Low levels of labour productivity have always remained a cause for concern in this part of the world. Even South-east Asian nations not so famed for tall and muscular physical build have long accounted for higher performance in the manufacturing and industrial sector. The reason behind this was thought to be those peoples' agility, training, a regime of discipline and their switchover to industrialisation earlier than in countries like Bangladesh. Productivity in Chinese garment factories is much higher than here.
Although a combination of factors has allowed the Chinese entrepreneurs the luxury of jettisoning some of their labour-intensive RMG ventures in favour of more paying precision manufacturing enterprises, they still retain a near monopoly in the high-end apparel production and export.
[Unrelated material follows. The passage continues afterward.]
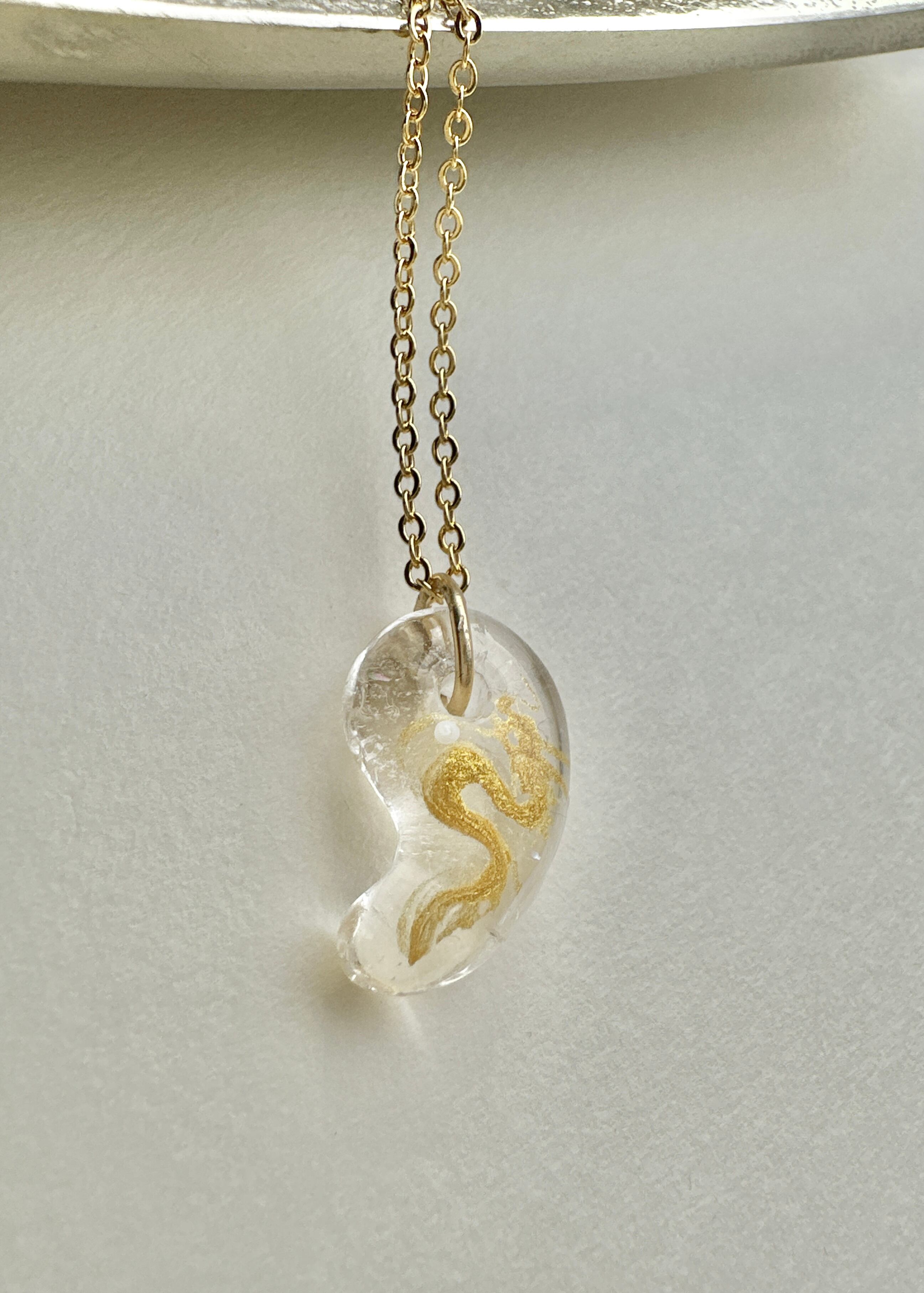 水晶の勾玉に描かれた金龍。

This explains why Chinese RMG workers draw much higher wages than their Bangladesh counterparts.
To make the matter worse, a new study titled "Hot Cities Chilled Economies: Impacts of extreme Heat on Global Cities" finds that higher temperature has a direct adverse effect on labour productivity.
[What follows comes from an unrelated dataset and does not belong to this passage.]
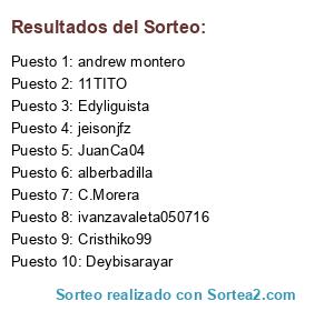 Lista de participantes: Deybisarayar, alberbadilla, JuanCa04, andrew montero, ivanzavaleta050716, Cristhiko99, C.Morera, Edyliguista, jeisonjfz, 11TITO.

The study, as its title suggests, has concentrated on a number of cities including Dhaka to see how these cities fare in terms of productivity loss on account of higher temperature. A few days ago Dhaka came second in terms of the most polluted city in the world. This time, though, it has topped the list for loss of labour productivity.
What is remarkable here is that temperatures vary within the city and the hotspots register 10 degree Celsius higher temperature than the surrounding countryside. A few pockets surrounded by tall buildings were found to have 12 degree higher temperature. With corrugated iron sheets serving as roof, the shabby accommodations for manufacture of an array of products are a veritable hell.
What makes the situation nightmarish for workers is the combined impact of heat and humidity with little or no natural system of cooling the surroundings. Pathetically, some of the poorest areas are among the hotspots of heat stress. Those who are directly exposed to heat and burning sun overhead, risk their health at times leading to the death of a few.
In economic terms, the productivity loss is worth as high as $6.0 billion a year. If losses of other cities suffering from excessive heat are taken into account, the figure may be in the double digit. Even countryside, as predicted earlier, were supposed to encounter a phenomenon of wet-bulb temperature under the spell of which people would suffer severe heat stroke causing instant death. This is somewhat like the heat dome over an area ---at times spread over states --- in which heat gets trapped due to high pressure with no escape route. British Columbia of Canada and northern region of the United States of America experienced a deadly heat dome in which more than 800 people on both sides of the border lost lives.
So the economic loss of Dhaka City will not tell the full story of the productivity loss this nation is likely to suffer in the days to come. Surely, the issue is interlinked with global warming but as long as the nations collectively fail to go for drastic and pragmatic measures to curb temperature rise, should countries like Bangladesh consider that it is fated to suffer the worst consequences of climate change? True, a comprehensive solution to this problem is beyond any nation's capacity let alone that of a country like Bangladesh. But local measures can be of some help in stalling or improving the adverse impacts.
So far as Dhaka City's hotspots and the overall temperature are concerned, management of those is quite possible if not immediately at least within a reasonable time frame. Planting trees in every vacant space of this city can do the trick. Those who frequent the road running between the quarters of ministers and the Ramna Park are not likely to miss the soothing and several degree cooler temperature there. The difference is felt as soon as one enters the area boasting green covers all around.
Accepted that such green covers cannot be built all over the city but many of its avenues can have long lines of local trees that barely shed their leaves all at once. The concrete jungle that the capital city has turned into because of a lack of planned development and foresight is exacting a price in terms of health, longevity and economy. The situation cannot be reversed but if the citizens are serious and the policymakers take the right initiatives, together they can bring about a discernible change in the situation.
That the mayor of Dhaka North City Corporation (DNCC), during recovery of the Lautola canal, personally supervised the demolition of constructions within 20 feet on both sides of its bank is the kind of initiative and seriousness required for building up a green cover for Dhaka.
If all the water bodies, including canals and rivers, running through or by the city proper can be restored to their optimum water flows and trees planted on their banks, Dhaka will definitely become much cooler. Green factories are the other option to complement the initiative.